Regarding the connection between the 00 and 12 UTC observations, the following can be stated: inter-annual correlations are weak or negative, particularly in summer. This confirms that the PBL height at 00 UTC cannot be used as a proxy for the residual layer (RL). The diurnal amplitude between the 00 and 12 UTC observations is primarily determined by the ML depth rather than the nocturnal structure.

The results emphasise that the processes governing the diurnal PBL (convection) and the nocturnal PBL (radiative cooling and inversions) are fundamentally different. The climatological analysis must therefore treat these regimes separately. To characterise the RL, other dedicated methods that explicitly distinguish between the SBL and the RL must also be applied.

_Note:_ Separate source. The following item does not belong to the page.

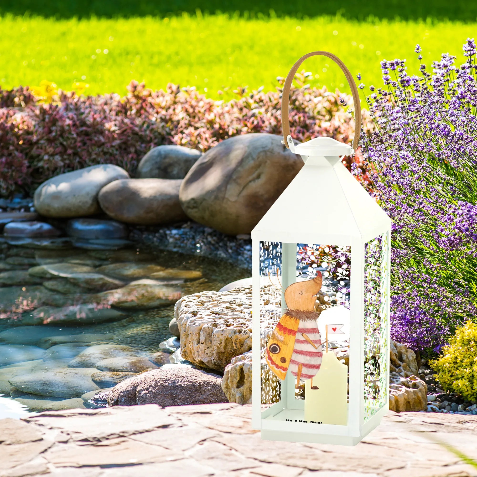 Die Deko Laterne Nachtfalter mit Fähnchen von Mr. & Mrs. Panda ist das perfekte Geschenk für Gartenliebhaber, Kreative und alle, die eine Prise Magie in ihr Zuhause bringen möchten! Mit ihrem bezaubernden Design und dem süßen Motiv eines kleinen Nachtfalters, der eine herzförmige Fahne in der Hand hält, ist diese Laterne ein echter Blickfang. Sie sorgt nicht nur für eine romantische Atmosphäre auf deiner Terrasse oder deinem Balkon, sondern auch für gute Laune in jedem Raum.

Summarising the above, our conclusions regarding the evolution of the PBL height are consistent with the measured meteorological parameters. After 2000, Europe experienced an increase in sunshine duration and ground radiation, especially in the east and southeast of the continent, a reduction in cloudiness in the same regions, and an intensification of extreme temperatures, with records of torrid days and tropical nights in Southeast Europe.